The warning signs outside the theater were ominous: “Adult content not suitable for children.”  Looking around as we entered, I had to remember that the college-age students there were not children.  That’s hard to do when you have offspring older than most present, including the actors performing the show.  Carol and I were there by assignment to see the musical “Rent,” the Tony and Pulitzer award winning rock-opera drama about life in New York’s Lower East Side in the late 1980’s.  It takes place in the neighborhood known as Alphabet City, an area primarily inhabited by bohemian young people wanting to break into theater, TV or music.  Sadly, the area also had high levels of illegal drug activity, violent crime and HIV/AIDS.

Undoubtedly the themes of homosexuality, AIDS, drug addiction and homelessness prompted the warnings about the adult content.  The characters include a gay male couple in which both partners have AIDS, an on-again/off-again lesbian couple, and a straight couple in which both partners have AIDS and both have a history of intravenous drug use.  It’s not exactly “You’re a Good Man, Charlie Brown,” and was written intentionally to shake things up, but also to address the concepts of love, loss and community.  Those are the themes that I would like to address in this essay.  If we can overcome bigotry and be compassionate towards people living with AIDS for a few moments then we can be uplifted by some beautiful elements of Rent.

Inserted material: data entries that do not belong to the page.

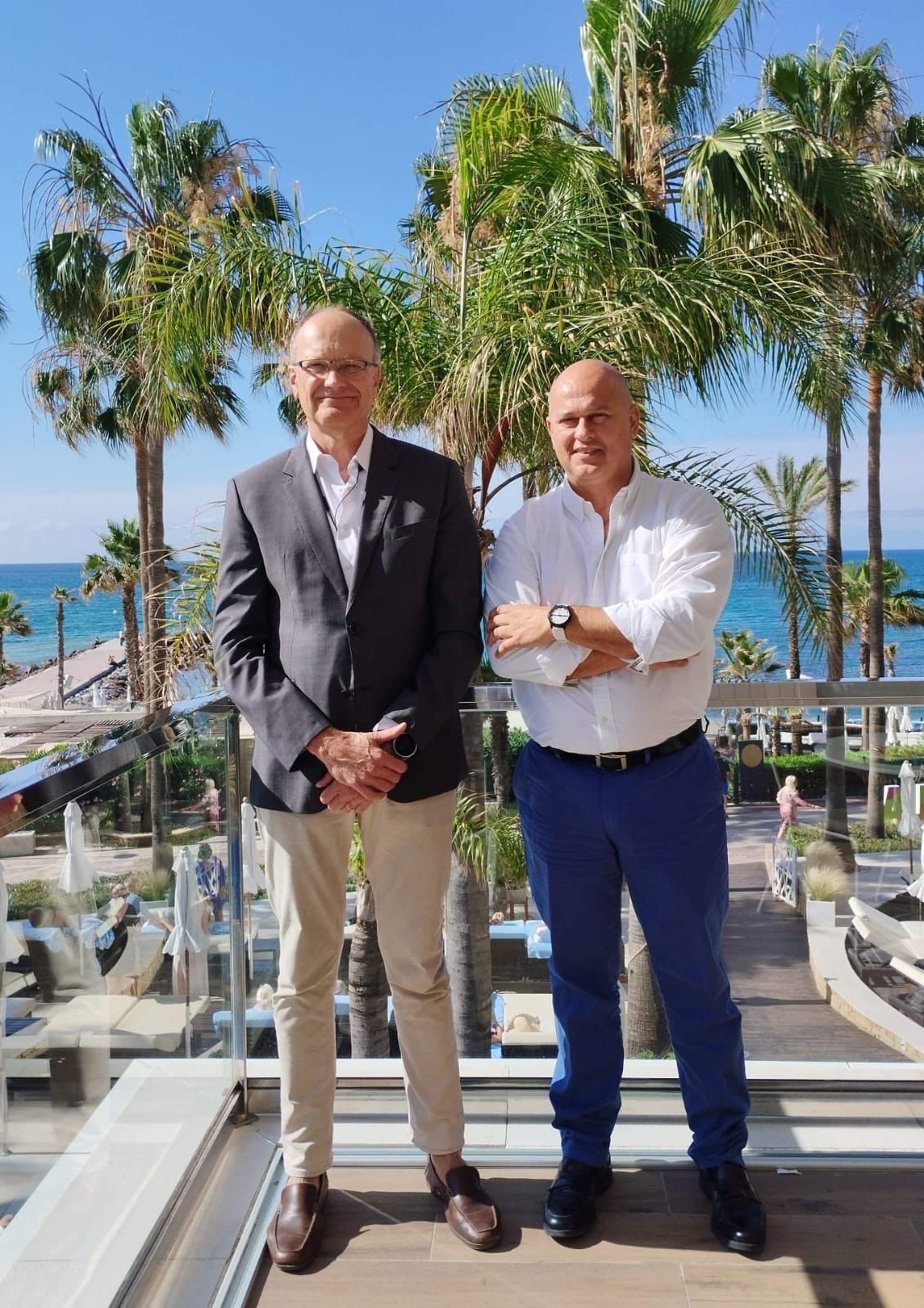 El presidente de la Asociación de Empresarios Hoteleros de la Costa del Sol (Aehcos), José Luque; y el presidente de la Asociación Pequeña y Mediana Empresa San Pedro de Alcántara (Apymespa) Miguel Ángel Jiménez - AEHCOS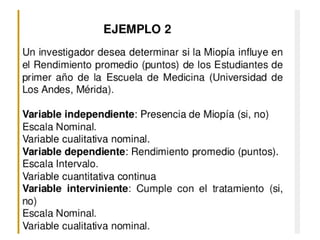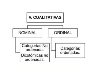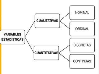 El documento describe tres tipos de variables estadísticas: variables cualitativas, que clasifican elementos en categorías; variables cuantitativas, que miden observaciones de forma numérica; y ejemplos de cada una como estado civil, estatura y número de pupitres.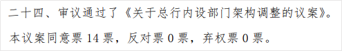 将调整总行内设部门架构,近两年多次调整总行架构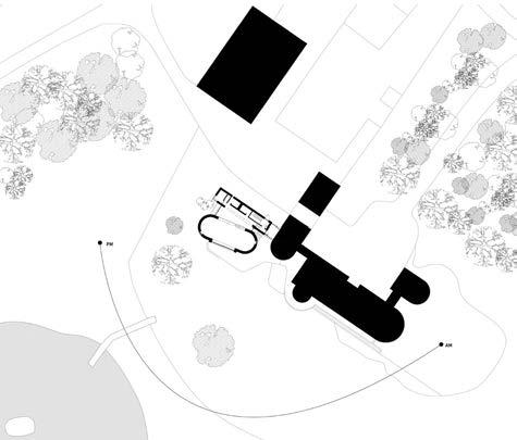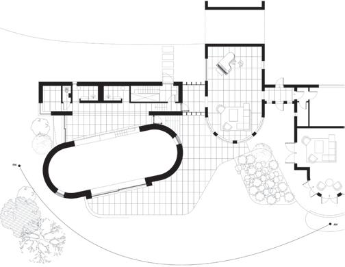 Planen over villaens kælder giver et helt andet billede af boligens egentlige aftryk på grunden. Ser man bort fra pool og havemurenes fundamenter, afsløres et ganske kompakt vinkelhus. I stueplanets generøse og flydende rumprogram opløses grænserne mellem inde og ude via store glaspartier, hvoraf nogle kan skydes til side, når vejret og temperaturen tillader det. Første sal byder på en mere kompakt komposition af værelser og soveværelser med et luksuriøst udbud af badeværelser.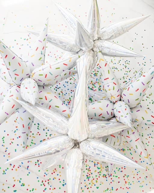 Sprinkle a party with our printed starburst balloon! 12 pieces are all you need to create a party masterpiece. With a white base and multi-colored print, it’s the perfect way to add an extra pop of color to your next event. Air Fill Only!

I’ll admit I was a little put-off when I read some of the articles and reviews of the play in advance of witnessing the production.  I wanted to know more about the story before I saw it.  I like to think I’m not homophobic but from what I had read in some reviews, the lifestyle went beyond mere portrayal; it was celebrated, endorsed and flaunted in your face.  I didn’t want to see that.  I’m old-fashioned in that I believe that some things should be left private, and sexual activity is one of them.  However, the production that we saw must have been a tamed-down version because there was only occasional gay kissing and touching, nothing too disturbing.  I was more bothered by the decibels of the musicians, which sometimes drowned out the singers.

Outstanding Music

The songs in Rent are the first of the beautiful and uplifting elements that I noticed.  The entire play is a musical.  It seemed like there were very few lines spoken that were not actually sung.  Even the hilarious little phone messages peppered throughout the play were delightfully sung to us, adding much entertainment to the dramatic production.  Who hasn’t heard “Seasons of Love,” especially since it has been playing in some TV commercial lately?  Although not particularly uplifting to me, La Vie Boheme was immensely entertaining.  Other enjoyable songs included Your Eyes, Goodbye Love, Light My Candle, Tango Maureen, Out Tonight, One Song Glory, I Should Tell You, Take Me Or Leave Me, No Day But Today, and Living in America.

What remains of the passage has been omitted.